Initially the band were allowed to go free—but the authorities changed their minds in March, arresting and charging the three. They face a possible seven years in jail.
The rest of the group has gone into hiding. Those arrested, two of whom have young children, have been detained and refused any contact with friends or family.
It’s clear that the decision to do this came from the top. The Patriarch of the Russian Orthodox Church has strongly condemned the band and called for harsh punishments.
Their protest came as the government was cracking down on the opposition movement that had exploded onto the streets in December last year after Russia’s parliamentary elections.
Pussy Riot was formed in September 2011 after Vladimir Putin announced he would be running for president for a third term.
They staged impromptu musical protests wearing neon coloured dresses and balaclavas to conceal their identities. This did not elicit any reaction from the authorities—until the cathedral protest.
Many Russians have been shocked by the harsh treatment the band has received. Opinion polls show a clear majority oppose the trial.
Pussy Riot are the most visible symbol of Putin’s crackdown. On 6 May, the day before Putin’s inauguration, police attacked a massive anti-Putin demonstration in Moscow, beating hundreds and arresting dozens.

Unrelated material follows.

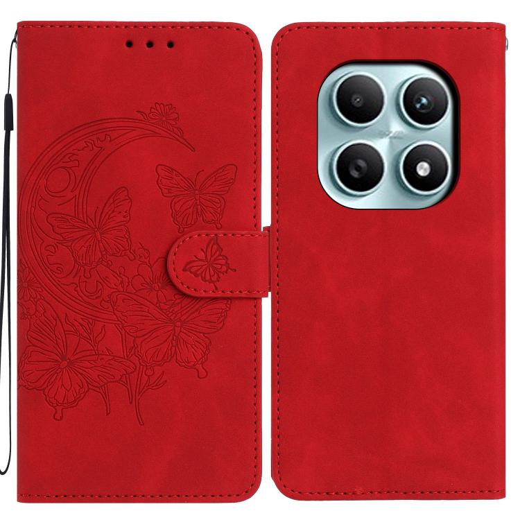 For Redmi Note 15 5G Global 164mm Moonlit Butterfly Dance Pattern Embossed Leather Phone Case(Red)

Since then the government has constructed a case against 14 of the arrested. It plans to stage a show trial to intimidate activists and put a stop to the protests.
While the government has been using the police and the law to crack down on dissent, the Russian Orthodox Church has been providing Putin with ideological support.

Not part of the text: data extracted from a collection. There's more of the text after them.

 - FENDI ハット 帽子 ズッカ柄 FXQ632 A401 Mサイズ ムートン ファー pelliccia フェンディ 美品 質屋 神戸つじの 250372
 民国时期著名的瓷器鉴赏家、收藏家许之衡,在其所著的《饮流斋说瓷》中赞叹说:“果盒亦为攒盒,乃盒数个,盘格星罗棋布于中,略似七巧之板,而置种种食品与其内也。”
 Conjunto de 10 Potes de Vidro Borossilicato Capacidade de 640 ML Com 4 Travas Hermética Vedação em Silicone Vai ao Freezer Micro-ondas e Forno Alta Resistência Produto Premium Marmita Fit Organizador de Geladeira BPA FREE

Since the end of the Soviet Union it has become increasingly powerful and close to the government, effectively becoming a state church in a country that is supposed to be secular.
The church has repeatedly exhorted its followers to support the government and condemned protesters as anti-Russian. The government for its part is keen to cultivate support for the church as part of its wider attempts to promote conservative, xenophobic nationalism.
The outcome of both trials is likely to have been already decided by the government, as the courts make little pretence at being independent. But this approach is likely to backfire.
The government is not strong enough to launch a decisive crackdown—and repressive measures like this are likely to only increase opposition and anger.
Rather than being intimidated, Russian protesters will look on the victims of these show trials as martyrs. They will take to heart the words on one of the Pussy Riot defendant’s T-shirts in court this week: no pasaran!